3. Microservices Architectures:
   • Deploy different microservices in different subnets to provide network isolation and security controls.
4. Compliance and Regulatory Requirements:
   • Use subnets to segment your network and apply security controls to meet compliance requirements.

Virtual Network Peering

• Azure Virtual Network Peering is a feature that allows you to connect two or more virtual networks (VNets) within the same Azure region or across different Azure regions.
• This connectivity is seamless and appears as a single network, enabling resources in different VNets to communicate with each other as if they were part of the same network.

Key Features and Benefits of Azure VNet Peering

1. Low Latency and High Bandwidth:
   • Provides high-bandwidth, low-latency connectivity between peered VNets.
2. Private IP Communication:
   • Allows direct communication using private IP addresses without the need for public internet routing.
3. Transitive Peering:
   • Supports transit routing across peered VNets, enabling traffic to flow through an intermediary VNet if configured correctly.
4. Network Security:
   • You can still use Network Security Groups (NSGs) to control the flow of traffic between resources in peered VNets.
5. No Gateway Required:
   • VNet peering does not require a VPN gateway, reducing the complexity and cost of setting up the connection.
6. Cross-Region Peering:
   • Supports peering across different Azure regions, enabling global connectivity for your applications.
7. Full Mesh Topology:
   • Enables a full mesh network topology, where each VNet can connect to every other VNet in a peering relationship.
8. Resource Access:
   • Allows you to access resources across VNets, such as virtual machines, databases, and other services.

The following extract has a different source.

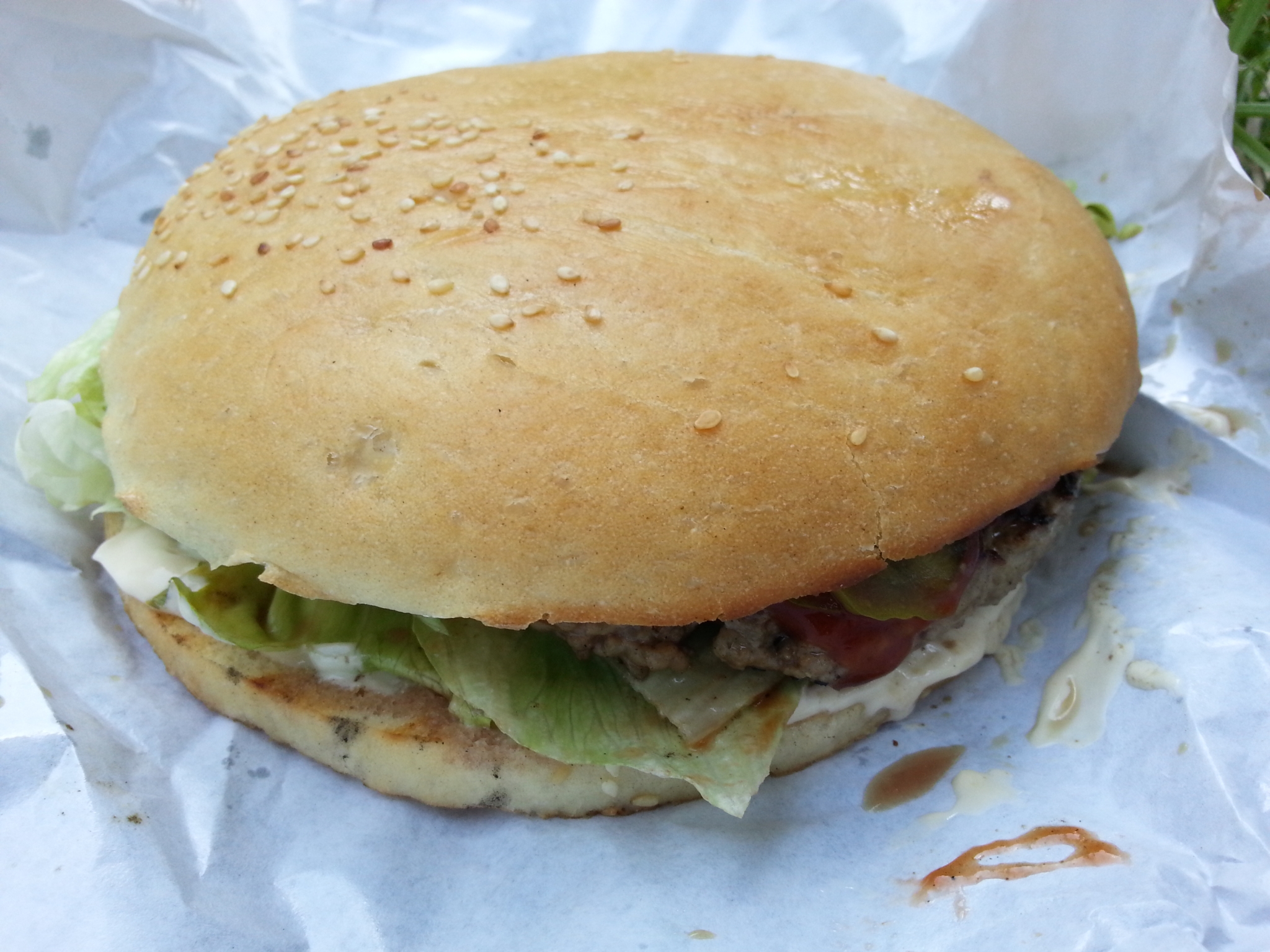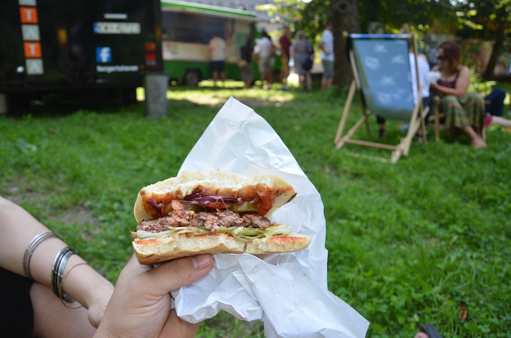 Wybraliśmy się z Małżonką popróbować co nieco. Trucki stały obok siebie, atmosfera przyjazna, zapachy wspaniałe, więc szybki rzut okiem na menu i składamy zamówienie, dla Małżonki Cheese od SSF → wołowina, ser żółty, ogórek konserwowy, sałata, czerwona cebula, majonez, ketchup, dla mnie zaś od Burgertaty Fire Starter → wołowina, papryczki jalapenos, sos chilli sriracha, sałata, pomidor, czerwona cebula – obie propozycje 15 złotych polskich.

Use Cases for VNet Peering

1. Multi-Region Deployments:
   • Connect VNets across different Azure regions to enable cross-region redundancy and disaster recovery.
2. Separation of Concerns:
   • Use separate VNets for different departments or applications within an organization, peering them to allow secure communication.
3. Centralized Services:
   • Host centralized services (like shared databases or authentication services) in one VNet and peer other VNets to it for access.
4. Hybrid Networking:
   • Integrate on-premises networks with multiple Azure VNets, peering them for seamless connectivity.
5. Microservices Architecture:
   • Deploy different microservices in separate VNets and peer them to enable communication.